Financial institutions complying with the Securities and Exchange Commission’s new Regulation Best Interest standard have struggled with training staff on how to identify, mitigate, and eliminate potential conflicts of interest, regulators said during an online forum hosted by the SEC on Monday.
Reg BI, which took effect June 30, is intended to enhance the quality and transparency of retail investors’ relationships with investment advisers and broker-dealers, bringing the legal requirements and mandated disclosures in line with reasonable investor expectations while preserving access (in terms of choice and cost) to a variety of investment services and products.
Under Reg BI, broker-dealers are required “to act in the best interest of a retail customer” when making a recommendation of any securities transaction or investment strategy involving securities to a retail customer. It is designed to enhance the broker-dealer standard of conduct beyond existing suitability obligations and make it clear that broker-dealers may not put their own financial interests ahead of the interests of a retail customer when making recommendations.
In order to comply with Reg BI, financial institutions and the financial advisers and broker-dealers who work for them must implement a series of policies and procedures; provide training on those policies and procedures for all affected staff; provide customers with cost risks and rewards of certain choices; and make certain disclosures regarding fees, conflicts of interest, and how the firm is being compensated.
The SEC, its Office of Compliance Inspections and Examinations (OCIE), and the Financial Industry Regulatory Authority (FINRA) have adopted a principles-based approach on enforcing Reg BI, which means firms have flexibility to design their compliance program based on their circumstances. The best approach is to establish policies and procedures that are reasonably designed to prevent placing the financial adviser’s interest over the customer’s interest, said Lourdes Gonzalez, assistant chief counsel for sales practices in the SEC’s Division of Trading and Markets, during Monday’s forum.
Some financial institutions are “focusing on the requirements rather than how to comply with the rule,” said John Polise, associate director of the OCIE’s Broker Dealer and Exchange Examination Program. Some firms are simply finding and replacing suitability—the previous standard for discussing options for different financial products—with Reg BI, he said.

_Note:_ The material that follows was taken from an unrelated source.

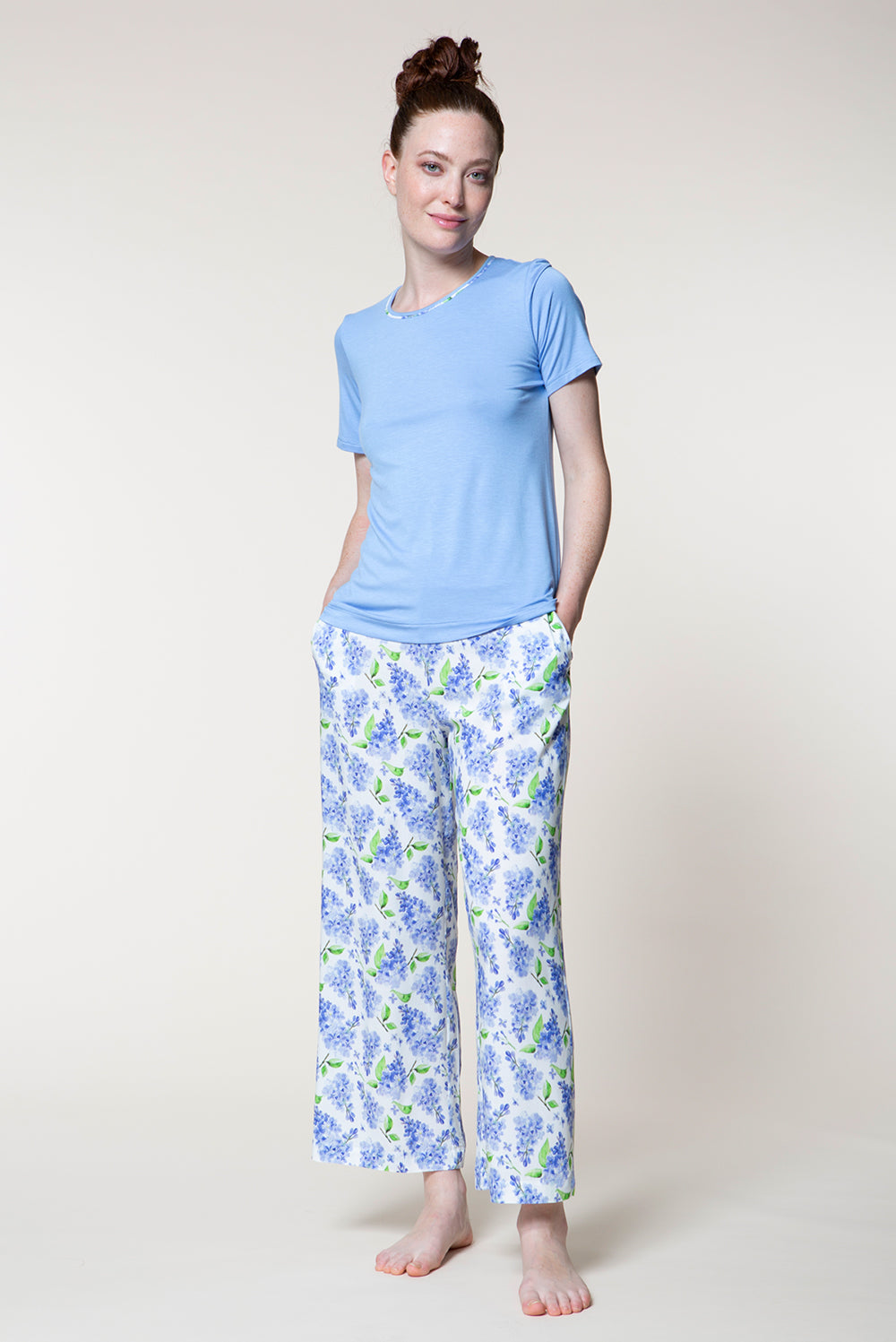 Rinfresca il tuo guardaroba notturno con il nostro Pigiama Estivo da Donna, un pigiama perfetto per l'estate e le mezze stagioni quando non è ancora arrivato il freddo. La maglietta tinta unita in viscosa, dal delicato color fiordaliso, si unisce ad un pantalone cropped a fantasia floreale per un mix perfetto di freschezza e tendenza. Il pantalone è realizzato in tela di viscosa, un tessuto morbido e traspirante, dal tocco morbido e liscio e con un bel drappeggio cioè si adatta bene al corpo e cade in modo fluido, conferendo un aspetto elegante ai capi. Inoltre, grazie alla sua natura leggera, la viscosa permette alla pelle di respirare, rendendo i capi comodi da indossare. Si tratta comunque di un tessuto fermo e non elastico.

Bill St. Louis, FINRA’s senior vice president for member supervision, said some financial institutions are going above and beyond to ensure their training is hitting home by posting the results of training tests or even fining registered representatives who do not complete the required training on time.
The key piece of training, St. Louis said, is that it teaches financial advisers and broker-dealers “how to comply, not just what the requirements are.”
A big area of concern for regulators is that firms are “failing to appropriately distinguish between suitability (of options) without really harmonizing with Reg BI and FINRA rules,” St. Louis said.
Another area of concern is cost and how the risks associated with particular financial products are being transmitted to customers.
Financial institutions “have to think of cost more broadly,” Gonzalez said. “Baked in” costs like markups, deferred sales, and liquidation costs should be explained and disclosed to consumers, she said.
“That doesn’t mean the lowest cost option is the best—other factors should be considered as well,” she said.
While some firms have simply decided to eliminate some of their high-risk or high-cost offerings in order to avoid running afoul of Reg BI, others are simply defaulting to the lowest cost options. Neither approach is necessarily the best one, the regulators said.
“A firm may not use a limited menu as an excuse to not comply with Reg BI,” Gonzalez said.
There has been confusion over whether some financial products can create a conflict of interest, the regulators said. Forgivable loans, for example, are considered conflicts of interest in most cases, and a firm needs to carefully consider how to mitigate or eliminate the conflict of interest.
Another less transparent form of conflict of interest is created when vendors pay reimbursements or gifts to customers, Polise said. Financial institutions need to make sure these payments are consistent with Reg BI.
Most firms are complying with the requirement in Reg BI that disclosures be written in plain English, but regulators took pains to remind institutions that even complex financial products need to be discussed in an understandable way.